佐賀県のあるあるネタで売れたはなわさんは、ショーパブではネタによってウケに波があった。爆笑をかっさらう日もあれば、まったくウケず不貞腐れてステージをハケるときもあった。
プライベートでは結構ぶっ飛んだことする人ではあったが(詳しい内容はとても書けない)、ギリギリのラインで周りをいじって笑わせるのがうまかった。人柄もよく、気難しい人ともうまく付き合っていて、俺もずいぶん可愛がってもらった。
松浦亜弥のモノマネで一世を風靡した前田健さんは、あややの前は松田聖子のネタが十八番だった。暗転中に松田聖子のイントロが流れ、いざ歌い出したら「女装したオッサンじゃねえか」という笑いはテッパン。とはいえ、それでも客にハマらず全く笑いが取れない日もあった。
ホリさんだってそうだ。喋りモノマネの連続ネタを得意としていたが、ウケるときもあれば、そうでない日もあった。
だが、自分とたいして差がないと思っていた3人は、あるときからテレビに引っ張りだこになり、超絶なブレイクを果たす。
これまで売れていく芸人を何人も見てきたが、やはり人(にん:人柄、人となり)が面白い人から売れてゆく。
また、モノマネで売れる人は観察力や耳がとてもいいという共通点がある。旬な人の見つけ方や、仕草や喋り方を切り取る目線がやはり優れていると思ったし、前健さんやホリさんのモノマネには、鋭い観察力とオリジナリティがあった。
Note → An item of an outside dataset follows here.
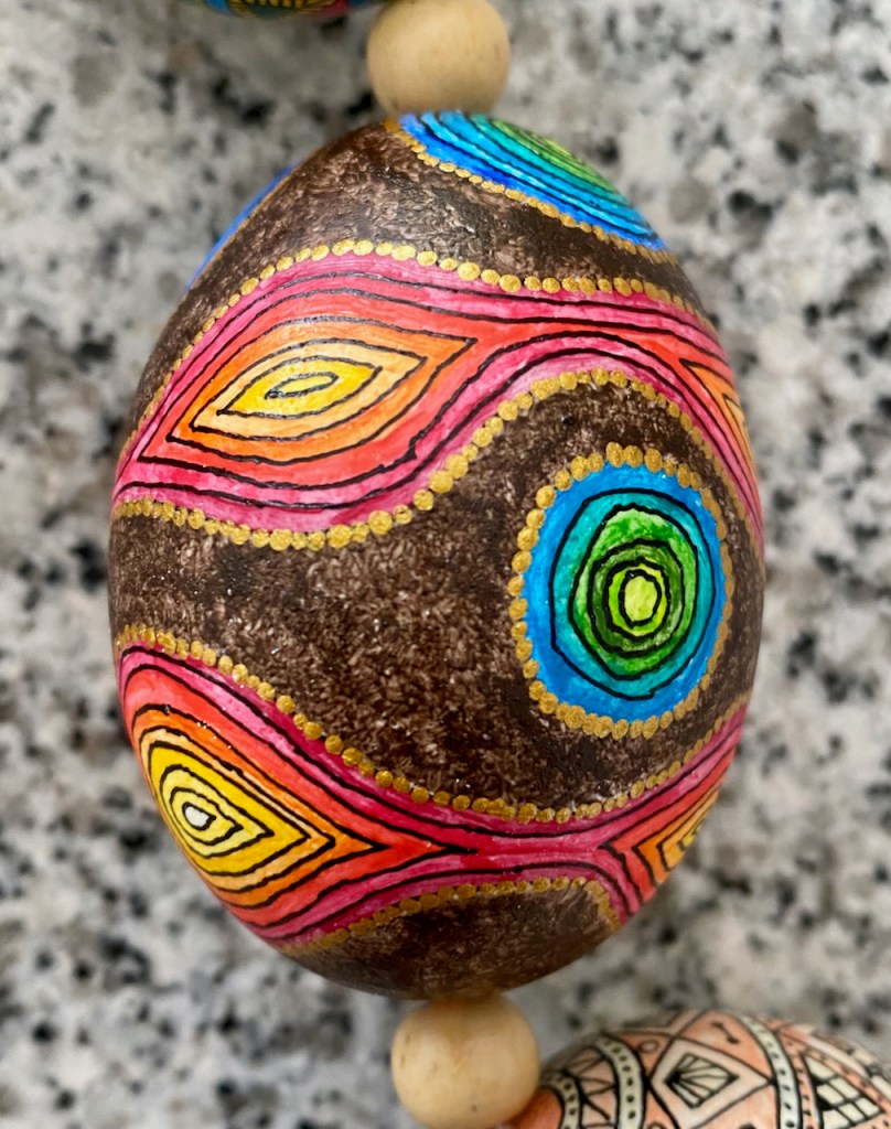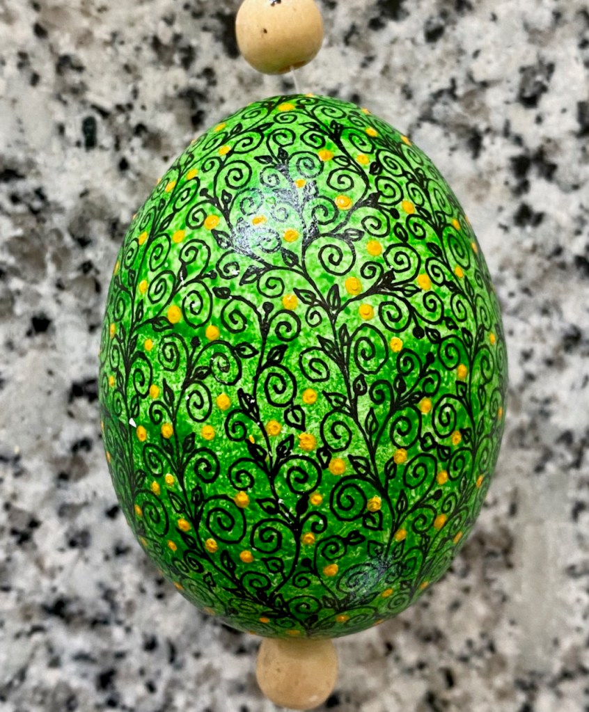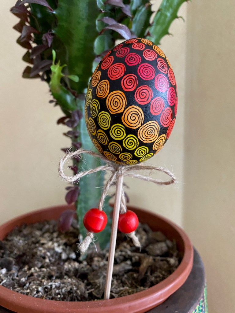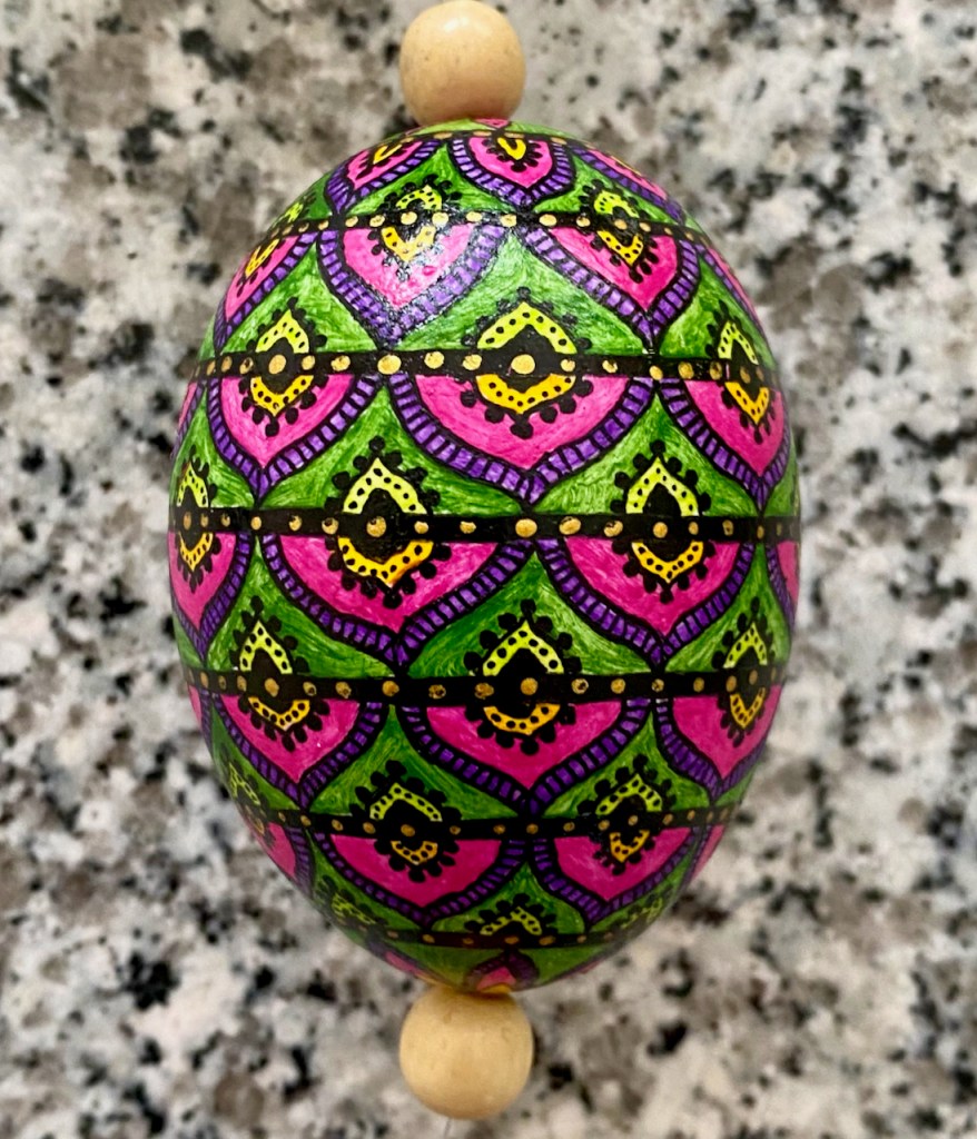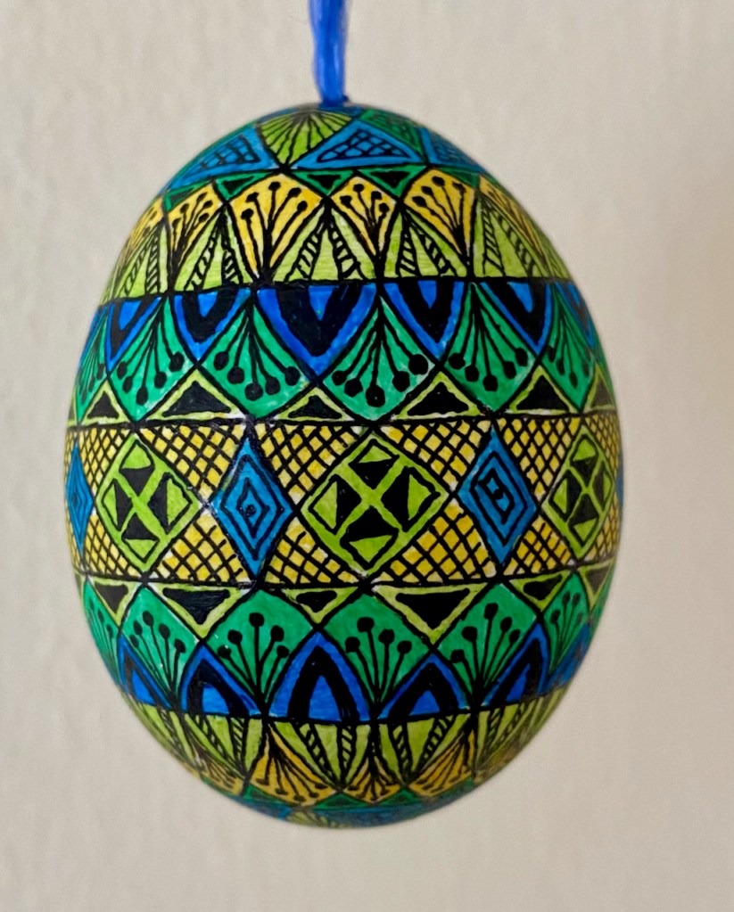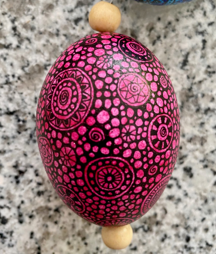 Die Maltechnik, die ich am Anfang für die Eier benutzt habe, hatte ich ja schon zu Genüge auf Papier geübt. Bei jedem Ei, das ich bemalt habe, kamen mir neue Ideen, und so wurden es an die 50 Stück

売れてからの3人はとにかく忙しそうだったが、周りに対しての態度はそれまでと全く変わらなかった。俺が見てきて思うのは、売れて変わるのは本人ではなく周りだ。今まで通りに暮らしていても、売れっ子という色眼鏡で見られてしまう。
たとえば、前健さんはオネエらしく、辛口な意見を人を選ばずズバズバ言うタイプだったけど、売れてから「前健はテングだ」「売れて変わった」と言われているのを耳にした。いやいや、あの人は売れてない頃からズバズバ言うタイプだったから! あの人は何も変わってないし、俺からすれば変わったのは周りだよ。疲れてて元気がなかっただけなのに「愛想がなくなった」と言われる売れっ子も大変だ。